Ayant été condamné à mort pour crime de lèse-majesté : « Il fallait donc, dit-il avec amertume, déclarer que les Guises sont rois de France. Et livrant sa tête au glaive du bourreau, il en appela de l’injustice des hommes à la justice de Dieu.
Ces barbares exécutions enflammèrent les haines des partis et ouvrirent la porte aux guerres civiles. La conjuration d’Amboise devint populaire parmi les réformés. Brantôme rapporte que plusieurs disaient : « Hier, nous n’étions pas de la conjuration, et nous n’en aurions pas été pour tout l’or du monde ; aujourd’hui, nous en serions pour un écu, et nous disons que l’entreprise était bonne et sainte. »
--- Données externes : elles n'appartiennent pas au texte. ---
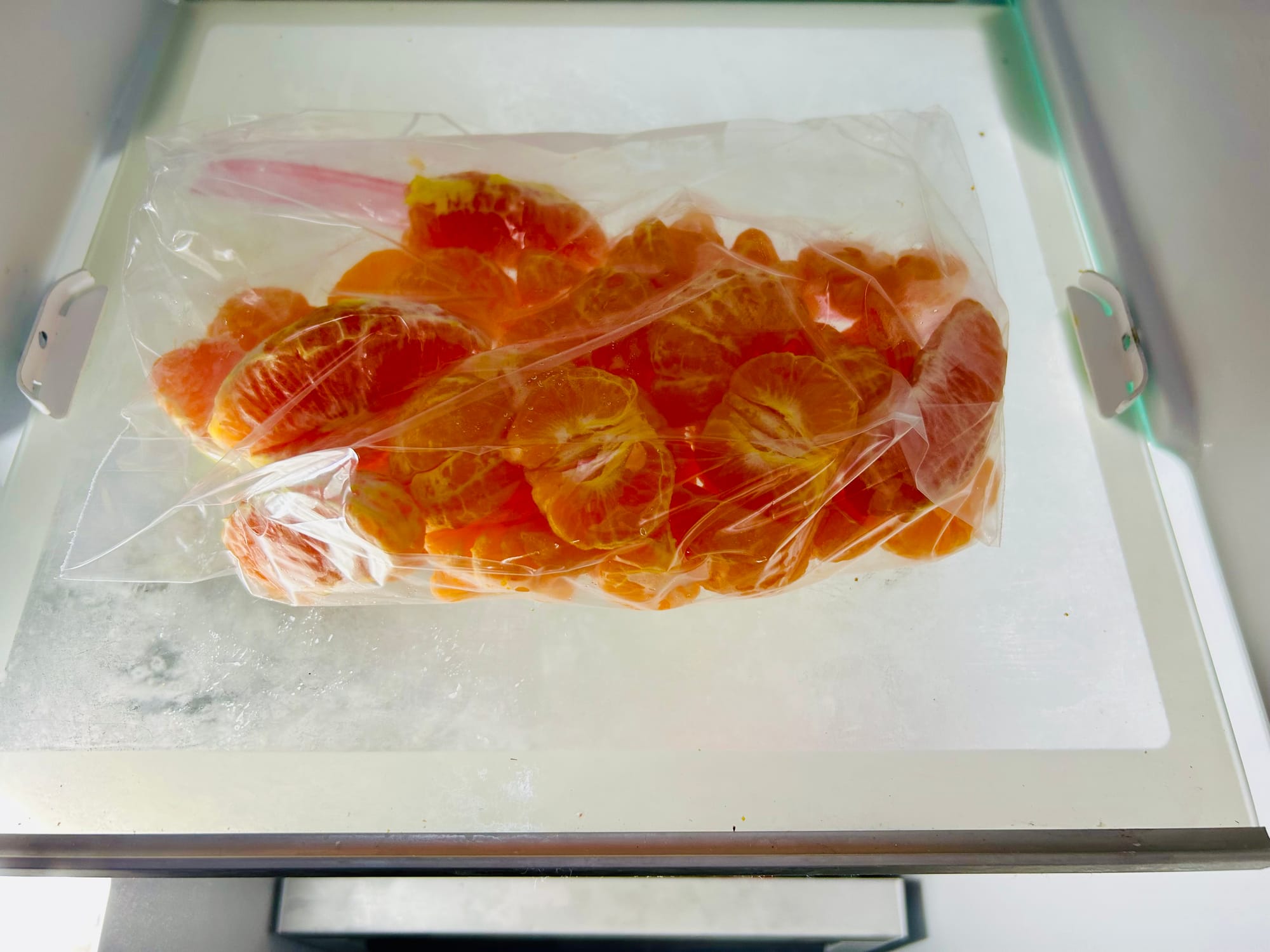 - Place all tangerine pieces and zest in a large ziplock bag and freeze for about 2 hours, until a little frozen.
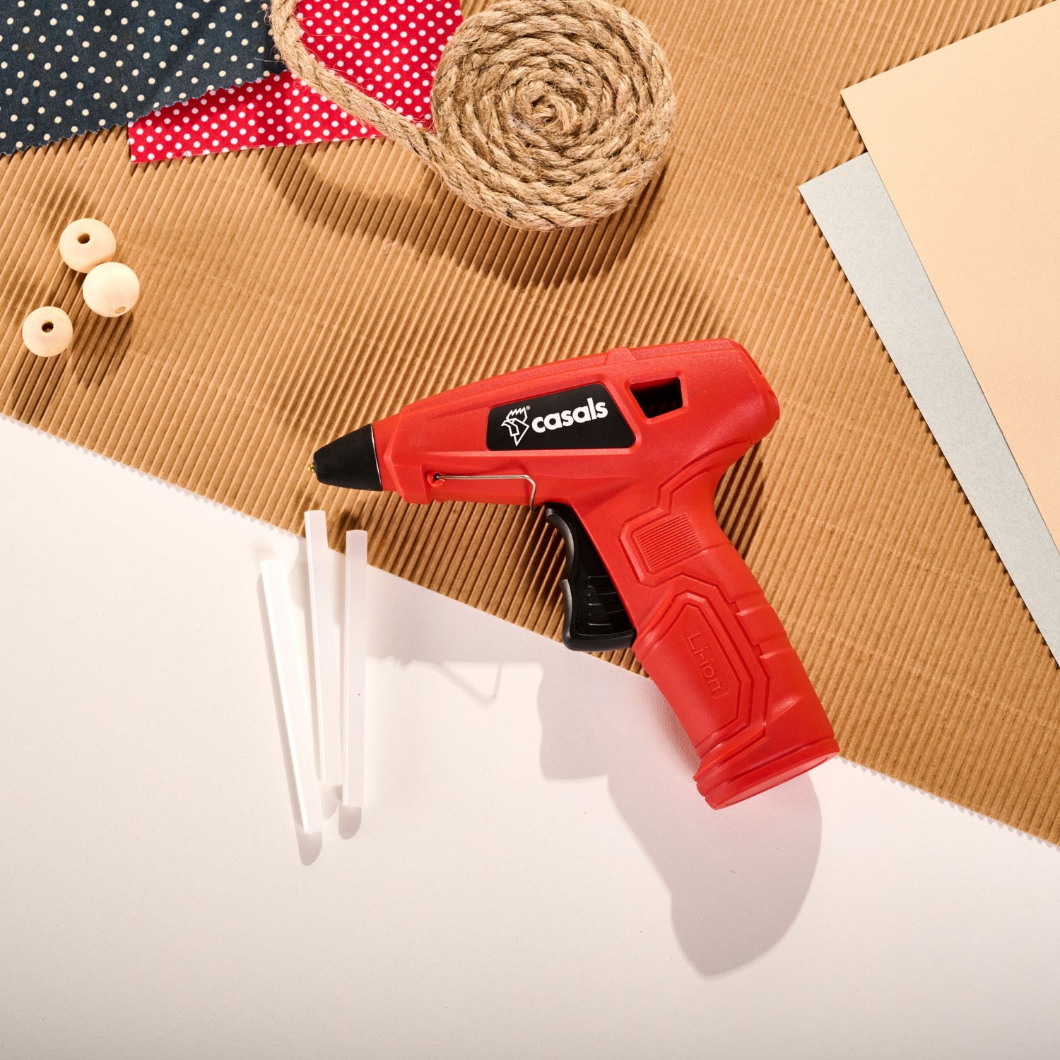 Pistola de silicona con batería de litio de 4V y 1300mAh. Sin cables, para una total libertad de movimientos. Es la pistola de silicona perfecta para bricolaje, trabajos de decoración, DIY y manualidades de todo tipo. Su calentamiento hasta 180ºC es ultra rápido en tan solo 15 segundos, no gotea y se apaga automáticamente tras 5 minutos sin usarla.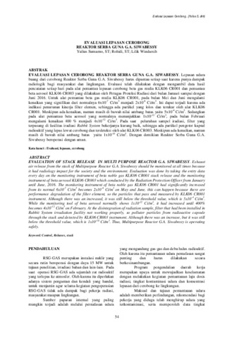 EVALUASI LEPASAN CEROBONG REAKTOR SERBA GUNA G.A. SIWABESSY. Lepasan udara buang dari cerobong Reaktor Serba Guna G.A. Siwabessy harus dipantau setiap saat karena punya dampak radiologik bagi masyarakat dan lingkungan. Evaluasi telah dilakukan dengan mengambil data hasil pencatatan setiap hari pada alat pemantau lepasan cerobong beta gas mulia KLK06 CR001 dan pemantau beta aerosol KLK06 CR003 yang dilakukan oleh Petugas Proteksi Radiasi dari bulan Januari sampai dengan Juni 2016. Untuk alat pemantau beta gas mulia KLK06 CR001, pada bulan Mei dan Juni mengalami kenaikan yang signifikan dari normalnya 6x10-7 Ci/m3 menjadi 2x10-6 Ci/m3. Ini dapat terjadi karena ada indikasi penurunan kinerja filter elemen, sehingga ada partikel yang lolos dan terukur oleh alat KLK06 CR001. Meskipun ada kenaikan, namun masih di bawah nilai ambang batas yaitu 5x10-4 Ci/m3. Sedangkan pada alat pemantau beta aerosol yang normalnya menunjukkan 1x10-12 Ci/m3, pada bulan Februari mengalami kenaikan 400 % menjadi 4x10-12 Ci/m3. Pada saat peluruhan sampel iradiasi, filter yang terpasang di fasilitas iradiasi Rabbit System bekerjanya kurang baik, sehingga ada partikel pengotor kapsul radioaktif yang lepas lewat cerobong dan terdeteksi oleh alat KLK06 CR003. Meskipun ada kenaikan, namun masih di bawah nilai ambang batas yaitu 1x10-10 Ci/m3. Dengan demikian Reaktor Serba Guna G.A. Siwabessy beroperasi dengan aman.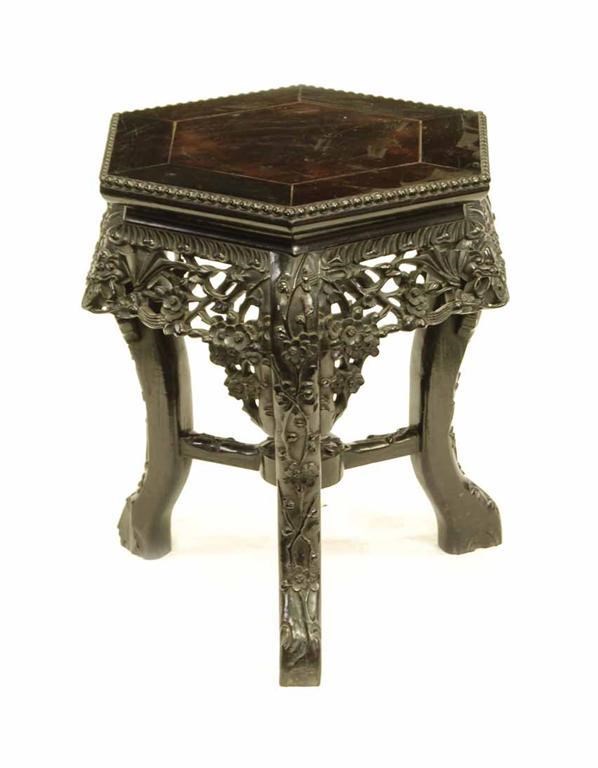 A Chinese hardwood low stand, the heaxagonal top with a beaded edge to a pierced frieze carved with flowers and foliage, 19in (48cm) h, 19in (48cm) w.

Les Lorrains, cependant, tâchaient de tourner au profit de leur ambition l’affaire d’Amboise. Dès le 17 mars, le duc de Guise se fit nommer lieutenant général du royaume. François II promettait d’avoir pour agréable tout ce qui serait fait, ordonné et exécuté par son oncle. C’était abdiquer la couronne, ou, pour mieux dire, mettre la réalité à la place de la fiction.
Le cardinal de Lorraine osa même revenir à son projet favori d’établir l’Inquisition en France comme en Espagne. Il avait déjà obtenu l’adhésion du conseil privé, et arraché le consentement de la reine mère. Mais le coup fut détourné parle chancelier Michel de l’Hospital, qui fit adopter, au mois de mai 1560, l’édit de Romorantin, par lequel il rendait aux évêques la connaissance du crime d’hérésie. Cet édit prodiguait les peines les plus cruelles ; mais du moins le pied des inquisiteurs ne souillait pas la terre de France.